INSPIRED EARLY ON BY RELATIVES

Haley was born in Ithaca, N.Y., and grew up in the west Tennessee town of Henning. He said he was inspired to become a writer by the storytelling of his older relatives.

His grandmother's and great-aunts' storytelling led Haley to devote 12 years meticulously tracing his mother's side of the family back six generations. His warm-hearted and rich descriptions of his ancestors' lives set off a wave of interest in genealogy.

Haley enlisted in the Coast Guard in 1939 as mess boy and served for 20 years in the military before starting a magazine-writing career.

His first book, "The Autobiography of Malcolm X," sprang out of a series of interviews Haley conducted with the civil-rights leader.

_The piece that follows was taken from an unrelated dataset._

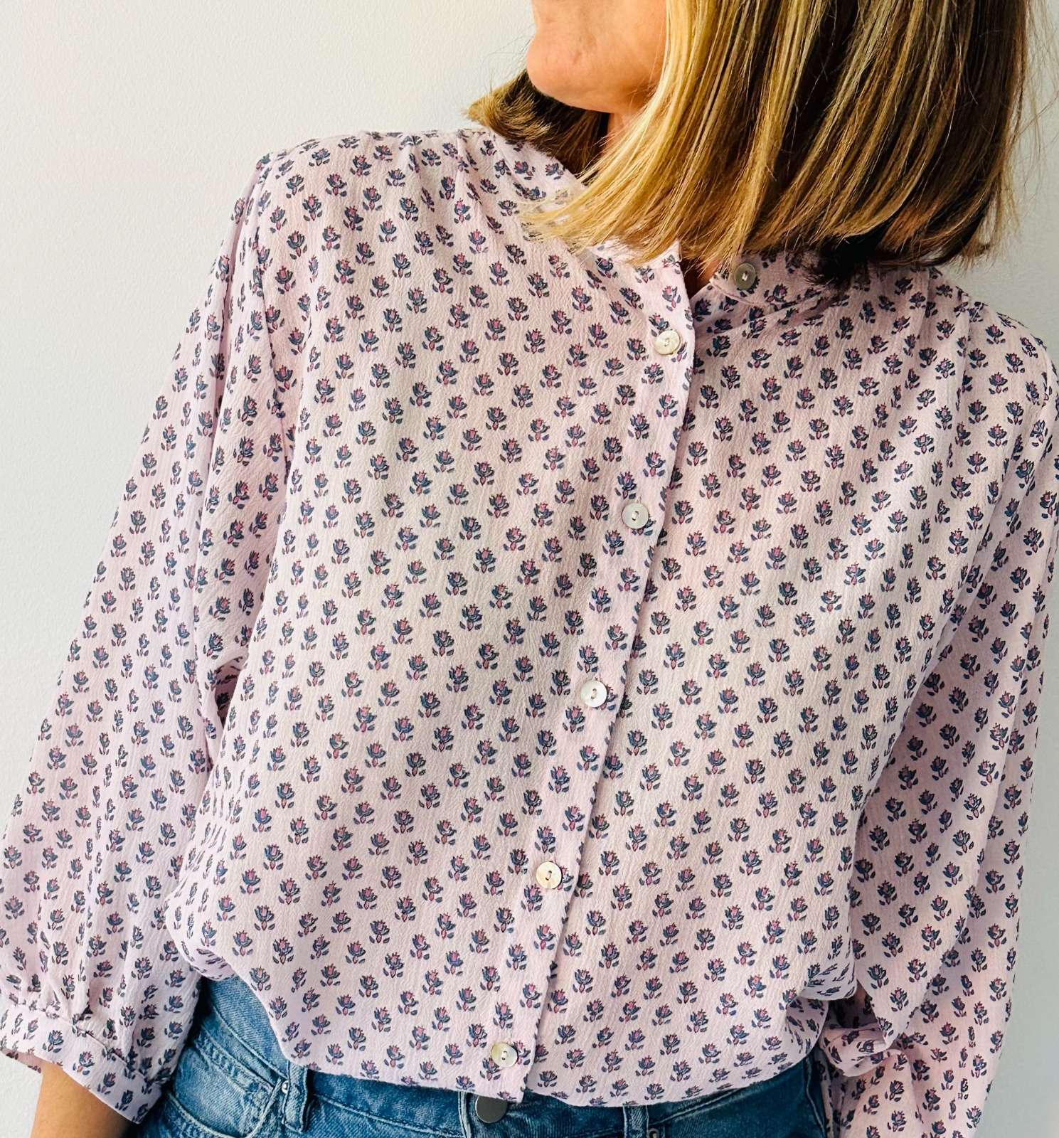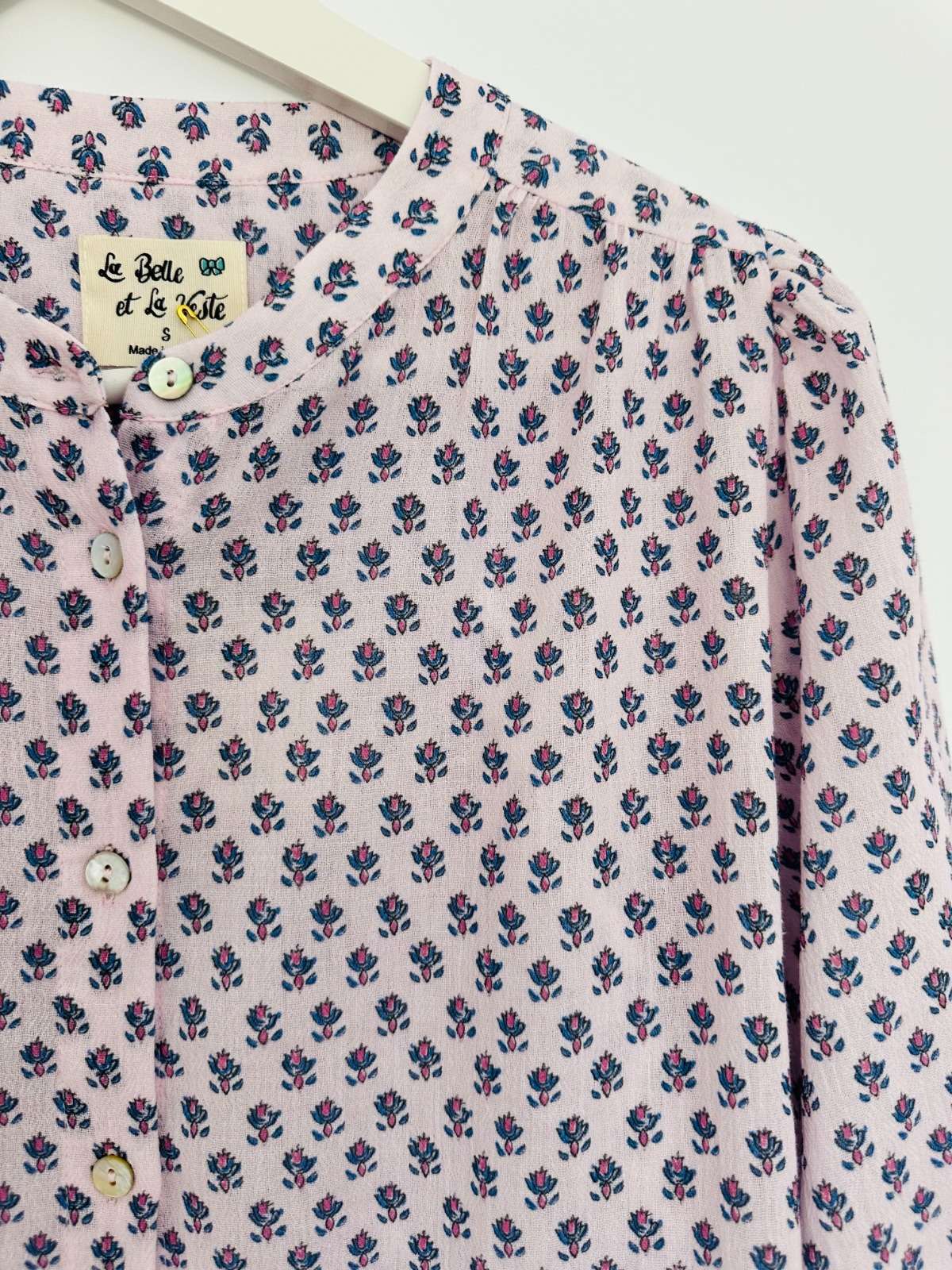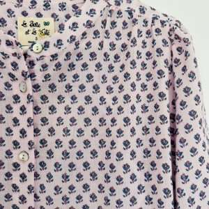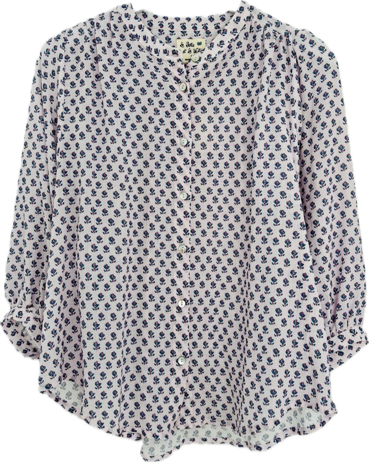 Camisa fluida confeccionada en algodón 100%. Cuello redondo, totalmente abotonada en su parte delantera. Manga globo tres cuartos. Tejido con certificado OEKO-Tex Standard 100

After "Roots" transformed him into a sought-after celebrity, Haley did much of his writing aboard cargo ships, booking passage four times a year to escape ringing telephones and speaking invitations.

Haley said in a 1988 interview that he was able to become a writer because his father pulled himself up by the bootstraps and left sharecropping behind.

"I was a sailor, I was a cook and this and that, and it might be said I was bootstrapped up to being a writer, but the real bootstrapping was that which preceded me," he said.

`SWAMPED' BY DEMANDS AFTER `ROOTS'

Haley's first book after "Roots" did not come for 12 years. It was a novella, "A Different Kind of Christmas," that told the tale of Fletcher Randall, a wealthy Southern plantation owner who undergoes a moral conversion and joins the Underground Railroad to help free a group of slaves.

In an interview in 1988 about the Christmas book, Haley told Seattle Times book editor Donn Fry about the intervening dozen years:

"If you're blessed to do something like `Roots'. . . you find yourself immersed. You're asked to do this, to do that - all for admirable causes. But you're just swamped."

Haley said that in 1978 alone, he received 2,065 requests to address various groups.

"The biggest negative is that it's so hard to write - and that's what I am: a writer," he said.

Last month, Haley announced he was giving up life on his Tennessee farm to devote more time to writing. He had put the 127-acre farm in Norris, about 20 miles north of Knoxville, up for sale.

Haley recently took a sea voyage to finish a book about the town of Henning. He also had talked about doing one on C.J. Walker, the first black woman in America to earn $1 million.